── Record set

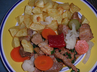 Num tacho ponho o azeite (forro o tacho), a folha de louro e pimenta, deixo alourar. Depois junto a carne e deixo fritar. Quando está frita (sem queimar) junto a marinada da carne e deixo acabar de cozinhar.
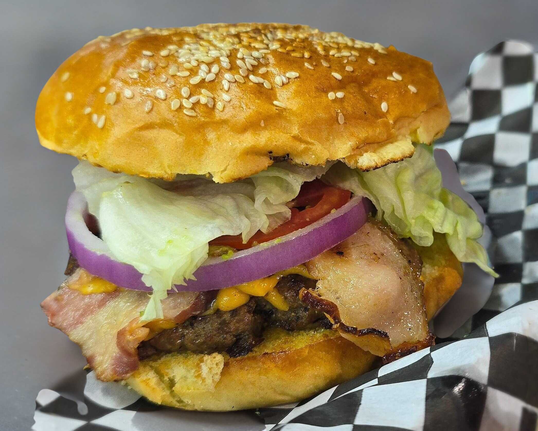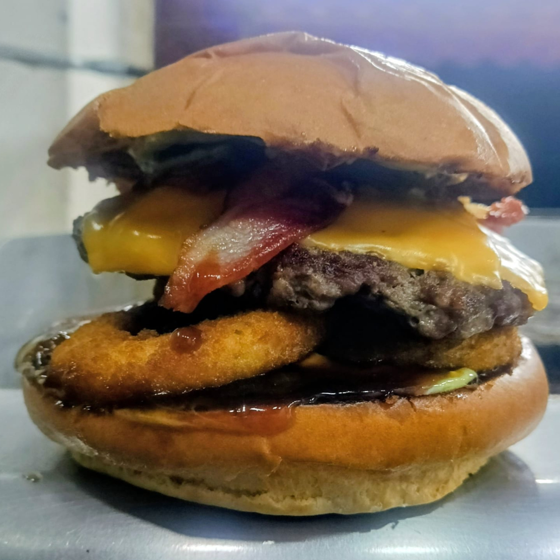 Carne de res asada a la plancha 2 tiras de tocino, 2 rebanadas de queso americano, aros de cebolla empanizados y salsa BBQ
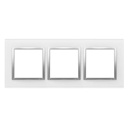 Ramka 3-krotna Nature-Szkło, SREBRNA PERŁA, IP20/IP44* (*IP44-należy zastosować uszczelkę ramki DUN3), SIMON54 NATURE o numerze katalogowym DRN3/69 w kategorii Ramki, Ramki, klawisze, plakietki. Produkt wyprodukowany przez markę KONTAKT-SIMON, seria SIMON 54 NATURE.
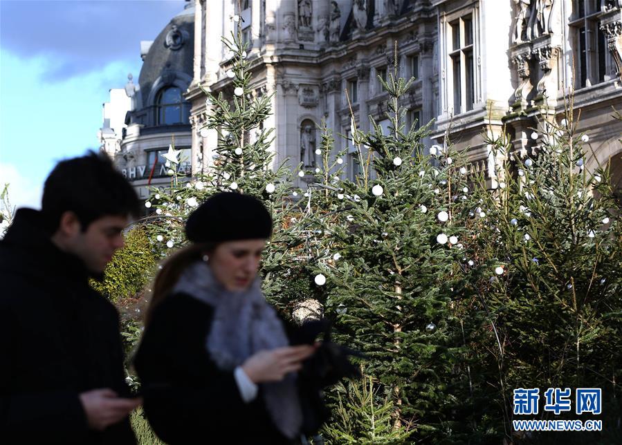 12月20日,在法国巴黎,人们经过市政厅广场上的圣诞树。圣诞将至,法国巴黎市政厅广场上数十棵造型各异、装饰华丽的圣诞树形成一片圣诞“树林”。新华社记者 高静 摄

────
── Record set

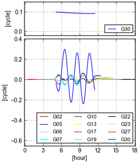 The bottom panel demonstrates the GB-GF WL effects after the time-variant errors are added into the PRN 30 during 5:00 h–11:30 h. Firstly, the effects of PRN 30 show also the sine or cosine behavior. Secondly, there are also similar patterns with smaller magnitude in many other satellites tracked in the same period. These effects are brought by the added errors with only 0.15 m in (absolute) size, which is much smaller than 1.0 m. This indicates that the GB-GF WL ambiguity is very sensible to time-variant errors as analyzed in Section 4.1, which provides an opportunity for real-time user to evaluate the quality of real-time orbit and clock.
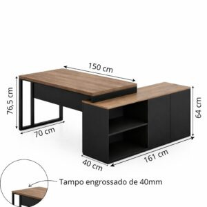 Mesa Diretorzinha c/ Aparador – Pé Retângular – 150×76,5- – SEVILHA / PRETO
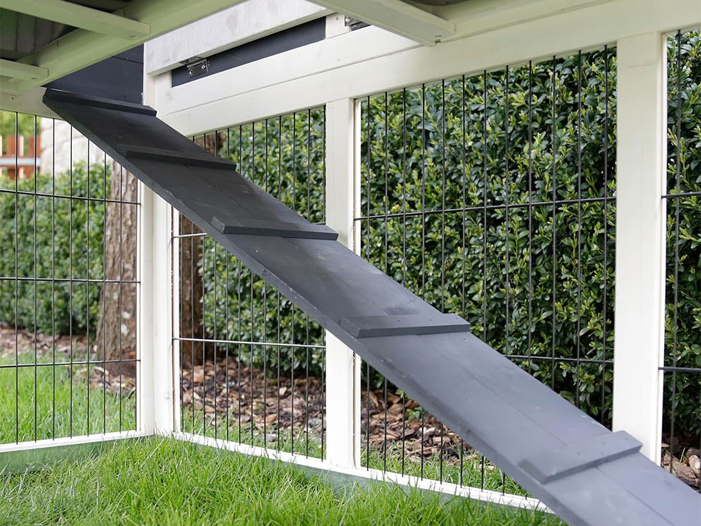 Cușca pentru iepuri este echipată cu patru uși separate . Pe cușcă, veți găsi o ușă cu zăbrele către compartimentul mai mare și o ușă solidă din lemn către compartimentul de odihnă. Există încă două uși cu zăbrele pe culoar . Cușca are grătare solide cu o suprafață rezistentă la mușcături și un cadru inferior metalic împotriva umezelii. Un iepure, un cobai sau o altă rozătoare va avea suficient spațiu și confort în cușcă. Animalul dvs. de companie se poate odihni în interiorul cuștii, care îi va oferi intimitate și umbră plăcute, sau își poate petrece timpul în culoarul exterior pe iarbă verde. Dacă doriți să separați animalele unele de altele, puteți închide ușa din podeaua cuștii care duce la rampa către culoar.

────

Word for word, retype the lines in the entries above that run from the one with "Num tacho ponho" through the one with "Ramka 3-krotna Nature-Szkło, SREBRNA". Both ends count; pictures do not.

Response below
 Num tacho ponho o azeite (forro o tacho), a folha de louro e pimenta, deixo alourar. Depois junto a carne e deixo fritar. Quando está frita (sem queimar) junto a marinada da carne e deixo acabar de cozinhar.
 Carne de res asada a la plancha 2 tiras de tocino, 2 rebanadas de queso americano, aros de cebolla empanizados y salsa BBQ
 Ramka 3-krotna Nature-Szkło, SREBRNA PERŁA, IP20/IP44* (*IP44-należy zastosować uszczelkę ramki DUN3), SIMON54 NATURE o numerze katalogowym DRN3/69 w kategorii Ramki, Ramki, klawisze, plakietki. Produkt wyprodukowany przez markę KONTAKT-SIMON, seria SIMON 54 NATURE.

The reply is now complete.